**** Raw data ****
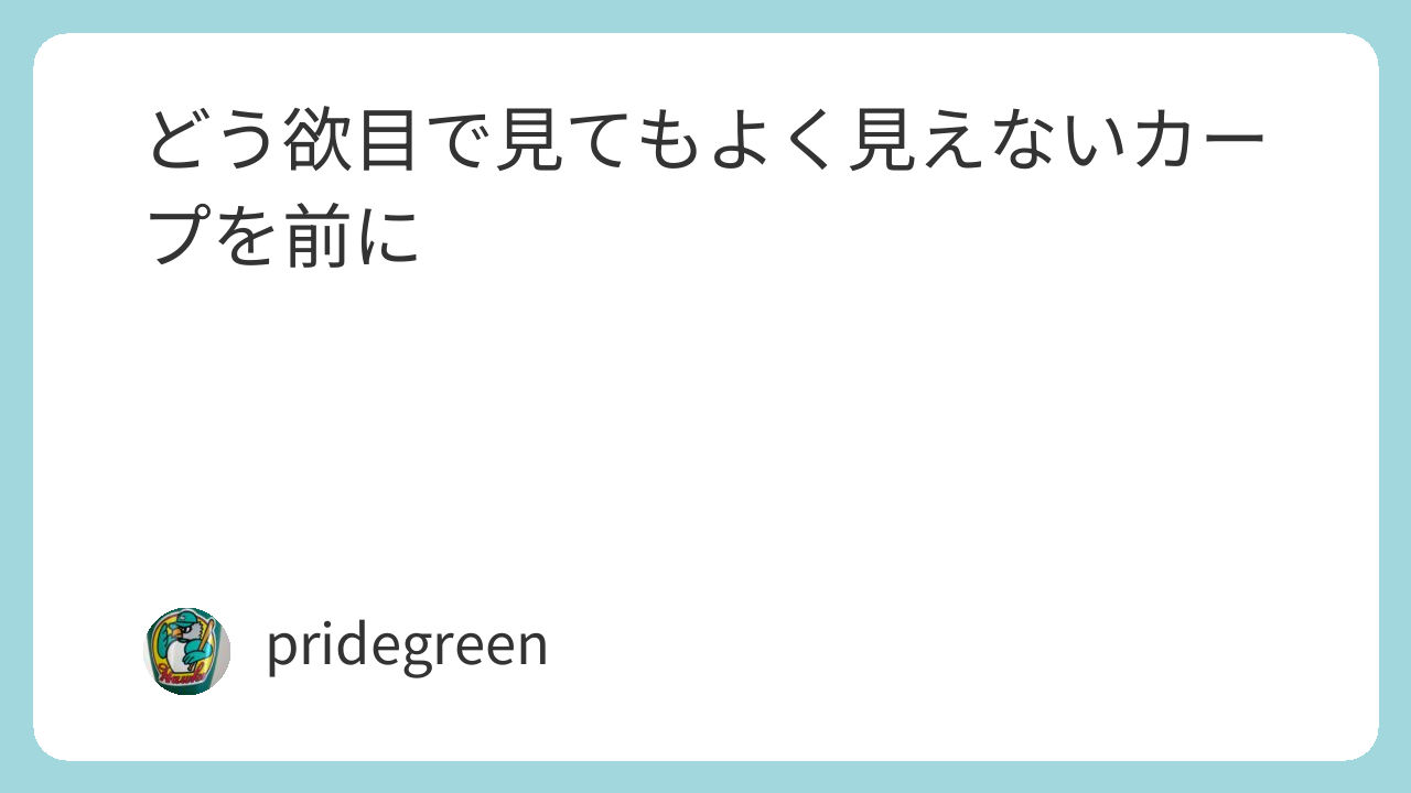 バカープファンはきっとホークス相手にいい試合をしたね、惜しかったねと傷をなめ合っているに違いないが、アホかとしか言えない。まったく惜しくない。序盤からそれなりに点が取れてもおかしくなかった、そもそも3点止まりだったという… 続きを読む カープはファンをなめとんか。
****
**** Raw data ****
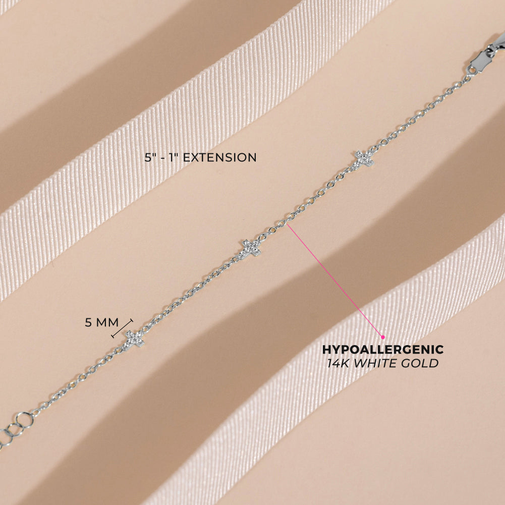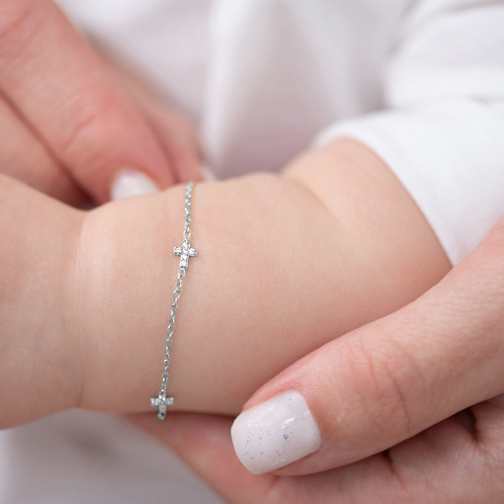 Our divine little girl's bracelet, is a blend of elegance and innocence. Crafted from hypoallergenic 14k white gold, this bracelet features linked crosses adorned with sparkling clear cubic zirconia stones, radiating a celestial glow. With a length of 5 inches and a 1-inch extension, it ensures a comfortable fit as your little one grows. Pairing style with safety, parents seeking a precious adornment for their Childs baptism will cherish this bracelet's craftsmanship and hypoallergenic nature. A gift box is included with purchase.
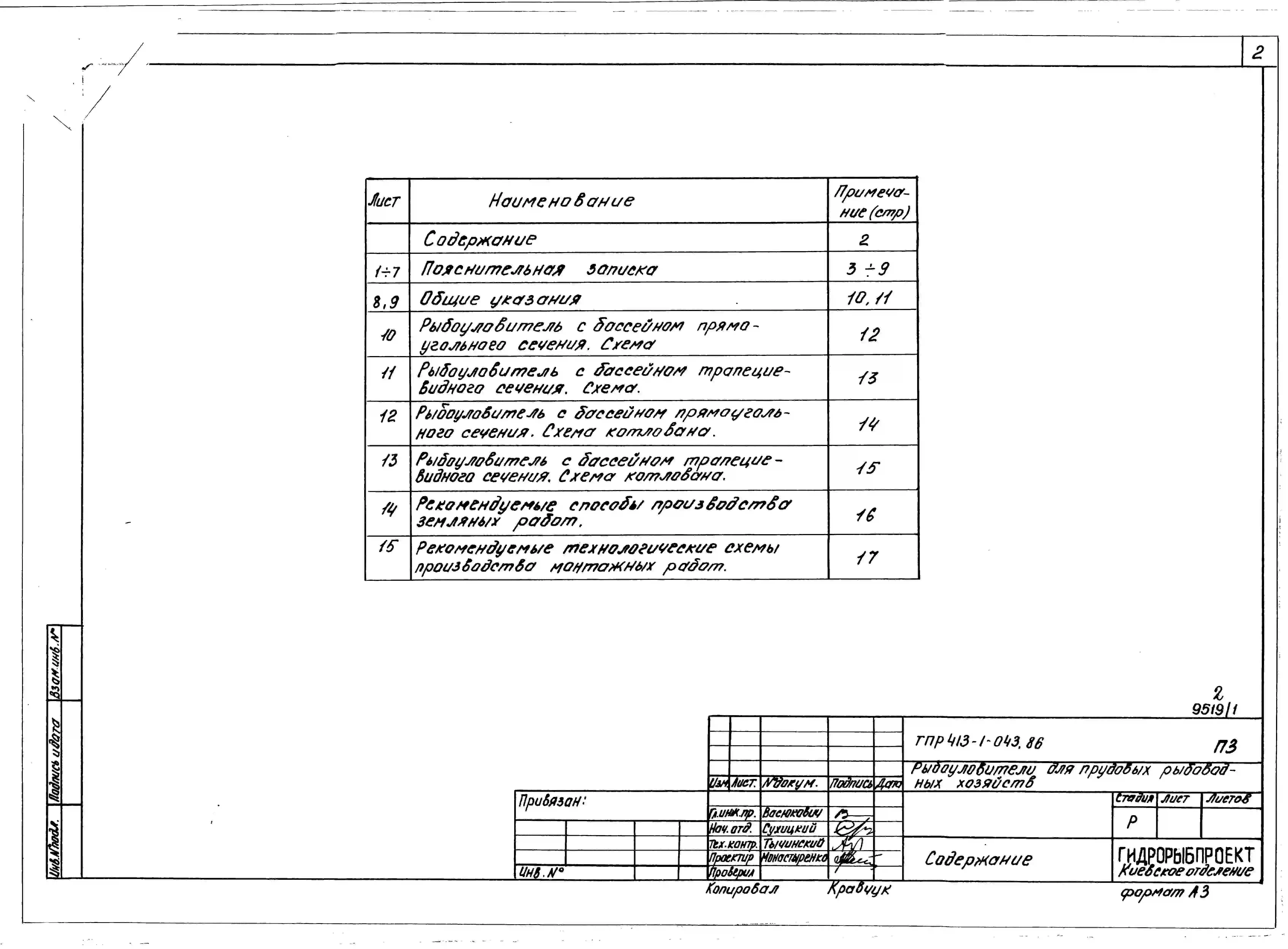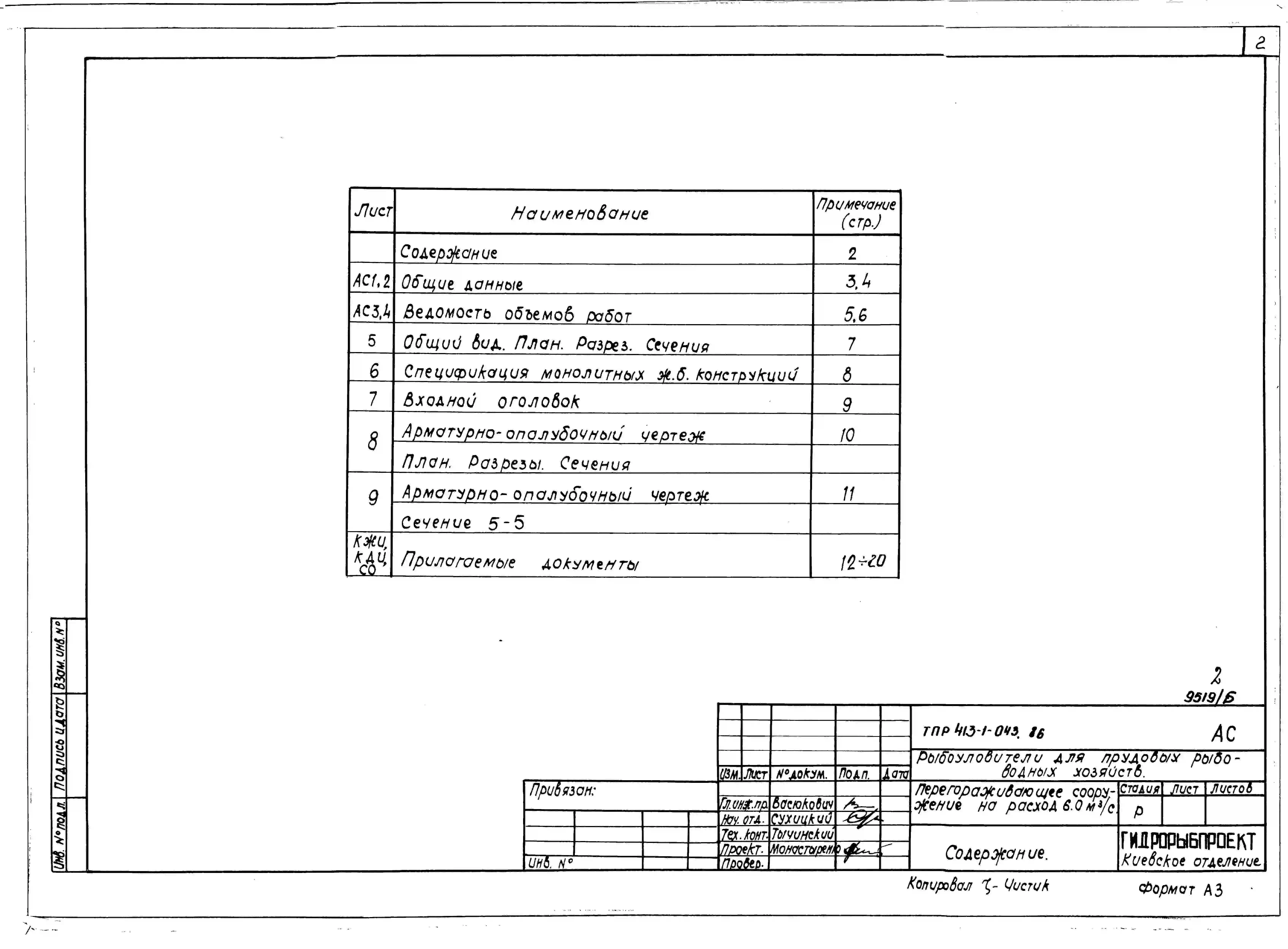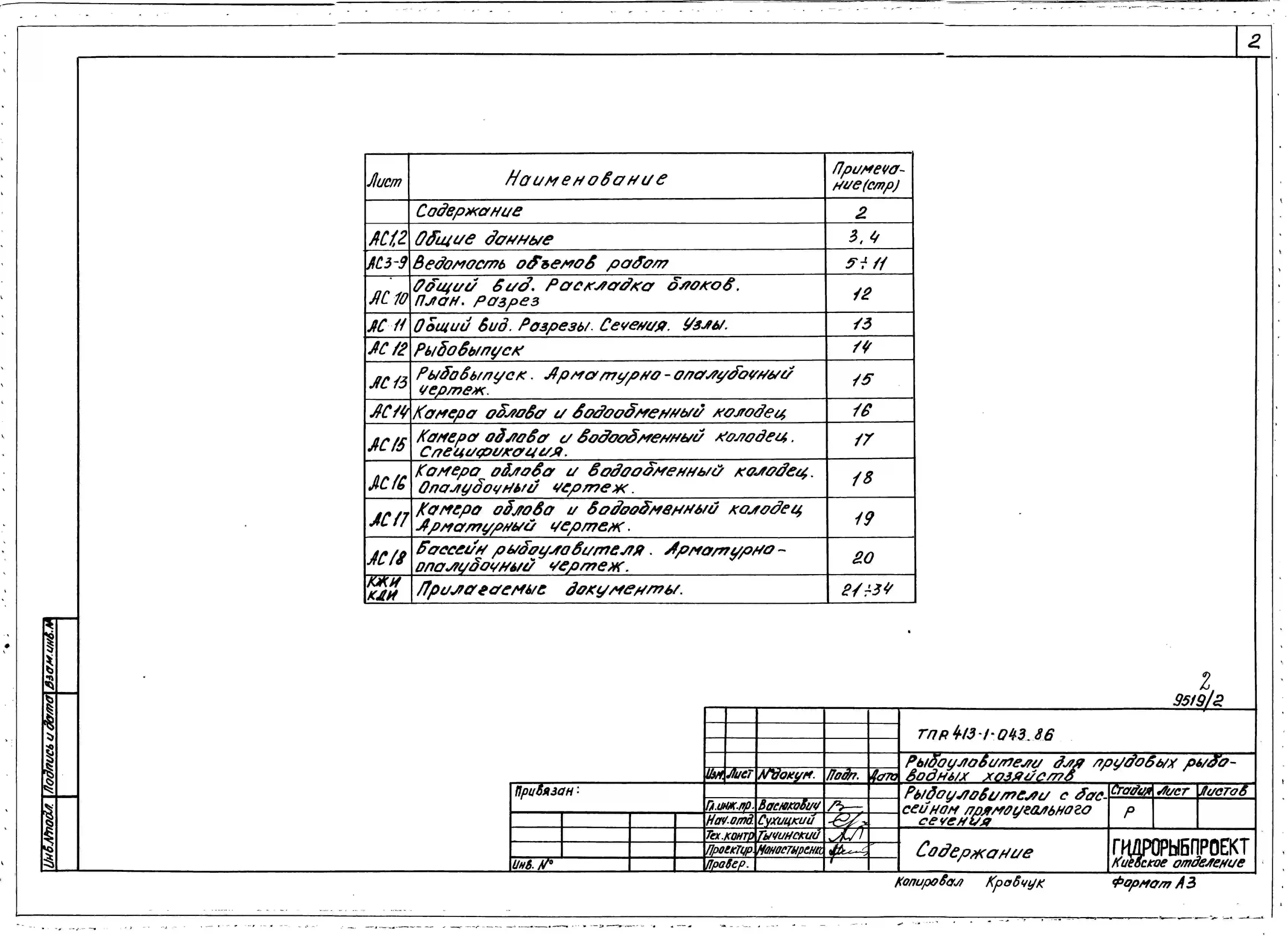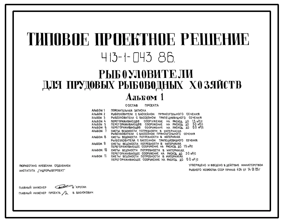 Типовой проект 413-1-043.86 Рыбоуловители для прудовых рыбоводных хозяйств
****
**Problem description**
Given the listing above, retype only the span of lines from the line with "Our divine little" up to and including the line with "Типовой проект 413-1-043.86", exactly as it stands and without pictures.

**Answer section**
 Our divine little girl's bracelet, is a blend of elegance and innocence. Crafted from hypoallergenic 14k white gold, this bracelet features linked crosses adorned with sparkling clear cubic zirconia stones, radiating a celestial glow. With a length of 5 inches and a 1-inch extension, it ensures a comfortable fit as your little one grows. Pairing style with safety, parents seeking a precious adornment for their Childs baptism will cherish this bracelet's craftsmanship and hypoallergenic nature. A gift box is included with purchase.
 Типовой проект 413-1-043.86 Рыбоуловители для прудовых рыбоводных хозяйств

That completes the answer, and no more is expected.